Similarly, medical complications could occur, but these are not covered by the clinic or hospital. You must therefore find out what the healthcare provider would consider a complication, and if this potential complication would be covered by the patient’s insurance. It is invaluable to know every potential problem that could arise so it is more easily dealt with should it actually materialise. It is also crucial to find out about cancellation procedures, and have every detail down in writing before proceeding with any course of treatment. If you are fully prepared then any potential legal complications should be resolved, if at length, in your favour. Generally speaking, if things do go wrong with the dental treatment, a UK based dentist should be able to resolve the problem relatively easily.

There are also numerous ethical problems relating to treatment abroad: in some countries, such as India and China, there are documented cases of the illegal purchasing of tissues and organs to be used in transplantation procedures. Similarly, the possibility that a foreign patient of sufficient wealth will be able to skip waiting lists often comes at the cost of the service of local patients. Furthermore experimental treatments that have not been fully tested or ratified by a qualified standards board can carry great risks. If you choose to opt for any such treatment you can be unknowingly submitting yourself to unethical practice.
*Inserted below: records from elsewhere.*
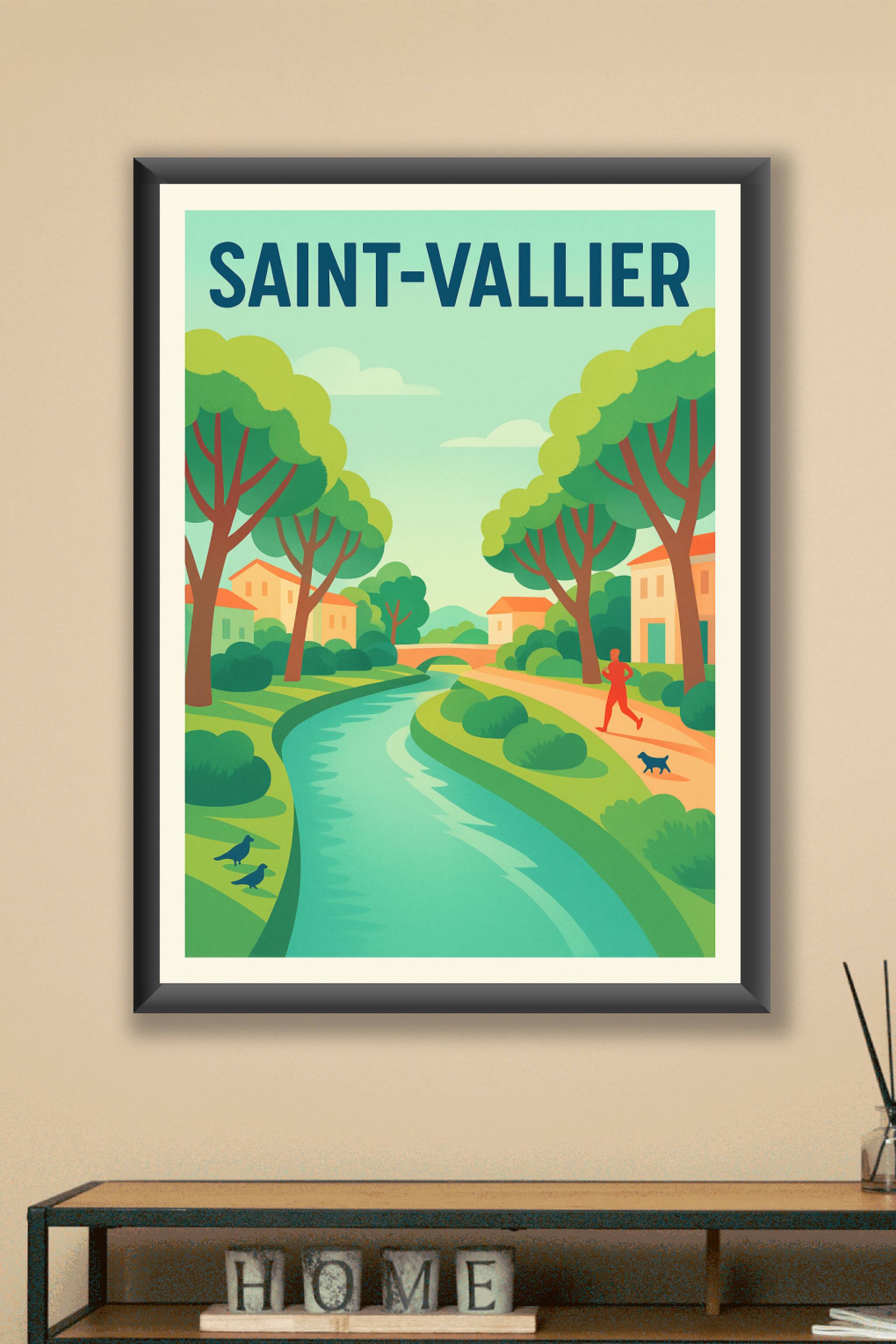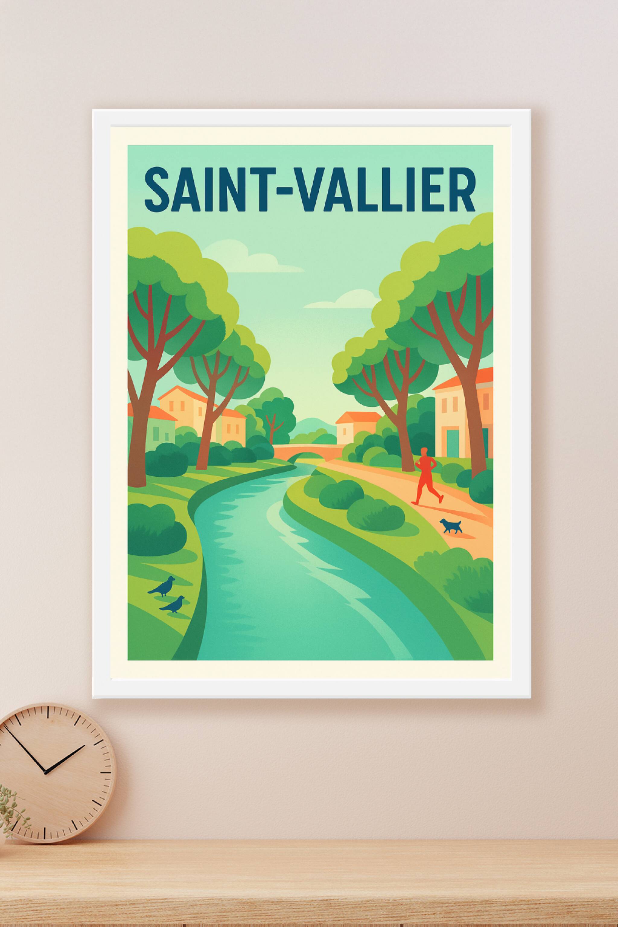 Découvrez la sérénité de Saint-Vallier avec cette affiche au design épuré et coloré, mettant en scène un paisible paysage urbain bordé par la rivière et ses arbres majestueux. Ce poster invite à la détente et à l'évasion, parfait pour apporter une touche de nature et de calme à votre intérieur.Cette affiche est imprimée en tirage "Fine Art" sur un papier de qualité 305g coton, garantissant des couleurs vives et durables. Disponible en formats A1 à A4, avec ou sans cadre, elle s'adapte à tous les espaces de vie. Profitez d'une impression premium 100 % fabriquée en France pour embellir votre décoration ou offrir un souvenir unique aux amoureux de Saint-Vallier.
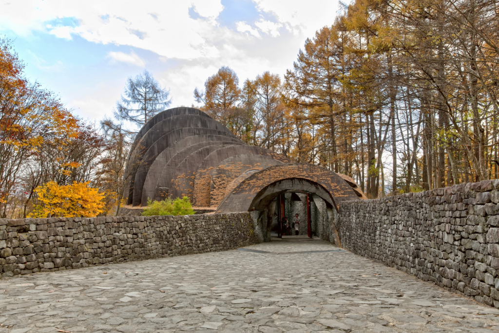 Among Karuizawa’s most iconic architectural landmarks is the Stone Church (Uchimura Kanzō Memorial), located in the Hoshino Area. Built from curved stone and glass, the church allows natural light to flow through its arches, creating a mystical and organic atmosphere. It reflects a philosophy of harmony between people and nature and is widely regarded as one of Japan’s most romantic wedding venues.
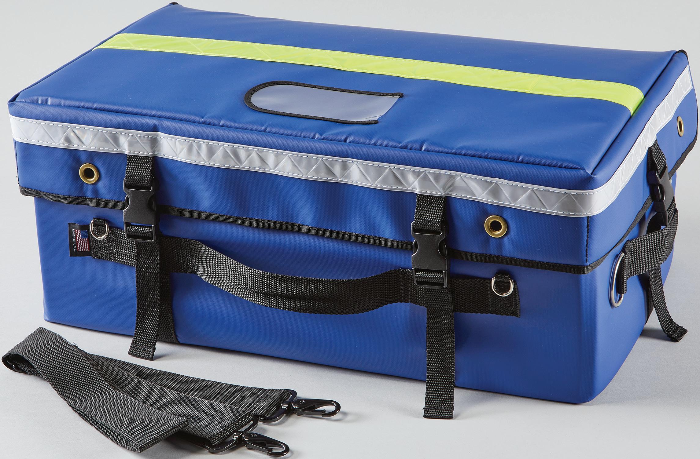 Material - Tarpaulin with a urethane coating for easier cleaning and protection from the elements. Bag is foam lined to protect EMS equipment from breakage. Internal Velcro® strips help secure modules.
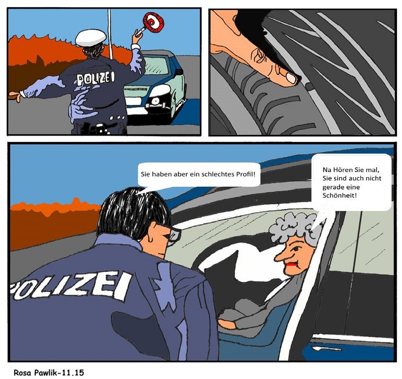 Schon mal drüber nachgedacht anstatt drei Panels nur eins zu nutzen? Wäre meiner Meinung nach hier vorteilhaft (Also z.B Polizist kniend am Reifen des Autos, wenn man die Sprechblasen beibehält funktioniert der Witz genauso. )
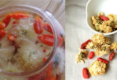 5 Fleurs de chrysanthèmes - (Ju Hua): favorise légèrement l'extériorisation du Qi et la circulation du Qi du Foie, élimine le vent chaleur et la chaleur du Foie
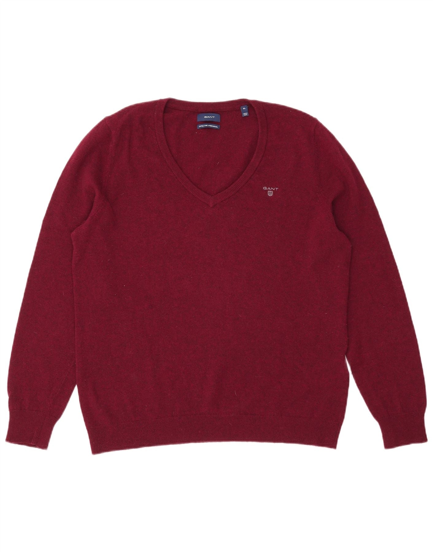 Женский джемпер GANT с v-образным вырезом, Великобритания 18 XL, темно-бордовый, шерсть
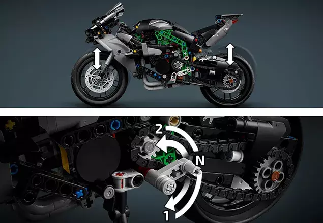 This set honors the real Kawasaki Ninja H2R, with steering,
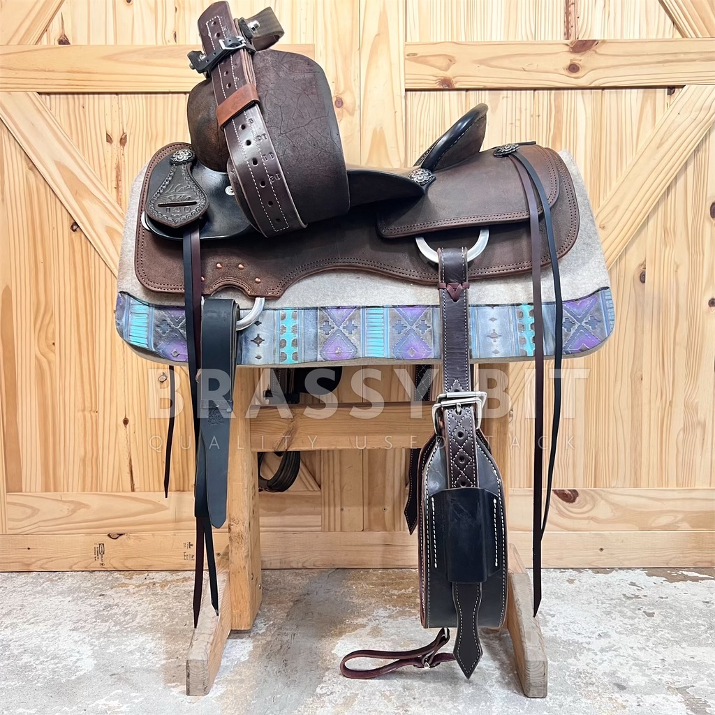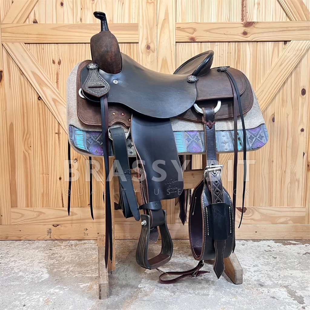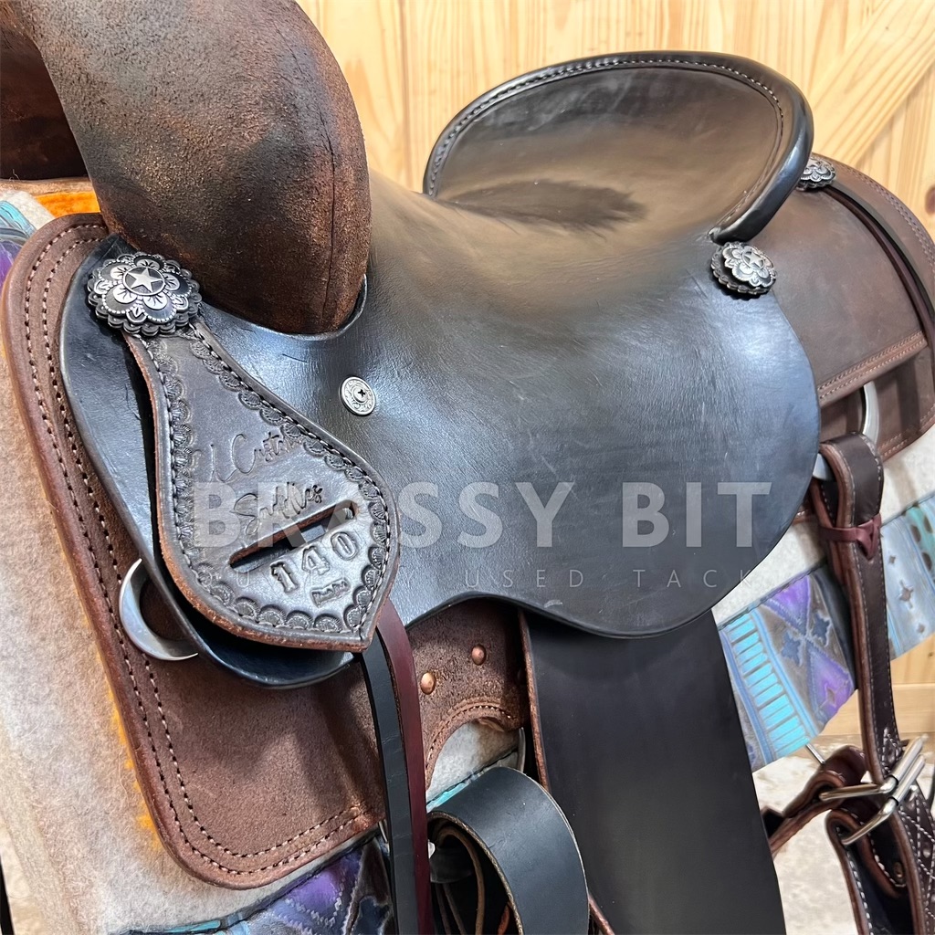 We just can’t handle how much we love, LOVE this saddle. Talk about pretty and handy! CL Custom, which is Brassy Bit Tack’s saddle building brand, from right here in Minnesota. Proudly made with the best materials. Built on a Hadlock and Fox Will James Ranch Cutting tree, on QH Bars that measures 7” x 7” with a wide flare and moderate rock through the bars. The tree angle is not only wide, it flares outward to open up the shoulders. Perfect for a more modern built reiner type QH who has a shorter back and well defined topline. With the balance, this will also work for a horse that is a bit downhill. The tree is 16” bare, fits just a hair smaller with a raised twist, narrower seat bed to keep you secure and comfortable. This is a true All-rounder, perfect for the ranch classes, daily work, reining/working cow, trail, and even speed events. Whoever says brown and black can’t go together—just show them this saddle! This two tone beauty offers black smooth leather over the seat and jockeys, carried through the pencil roll and horn, with dark brown smooth leather fenders, and dark roughed out leather over the swells, skirts, and behind the cantle. We leaned into the two-tone theme hard on this one, with black latigos, black stained custom made oak stirrups, dark leather off billets, black wide roper back cinch with dark brown accents, AND black and dark brown saddle string. Finally, this one is finished off with a limited edition Jeremiah Watt floral star concho. Key details sets this one aside from there rest. Double stitched, reinforced in all the right places, heavy duty stainless hardware, and real shearling underside. Of course, this one comes fully fitted. This one will look darn nice any arena and will hold up to daily work. Take a peek at this one, you won’t be disappointed.

Although a portion of patients go for treatment abroad with the intention of avoiding MRSA, they can also put themselves at risk of contracting diseases endemic to the country the intended treatment will take place. It is important for you to consider that both local and foreign treatments can carry risks of infection, and also to know the kind of diseases you will face in the country of choice. This guide will outline the infectious diseases local to every country which offers treatment abroad, providing you with enough information to make an educated decision on the course of action. However, MRSA is more common to hospital based surgery and less to dentistry.

One of the advantages of a local treatment is the quality of post-operative care, and the lack of immediate long-distance travel. This care cannot always be guaranteed in dentistry abroad. Often patients will take additional time out to relax on holiday in the country for a period after the treatment, and this is often made feasible by the lower costs of treatment compared to those in the UK. Conversely a prolonged stay in some countries may expose the weakened patient to the local diseases and cause severe difficulties. It is advisable to voice any such concerns to the health provider before arriving at a decision, as a reliable contact will be able to provide the most appropriate advice for any particular situation.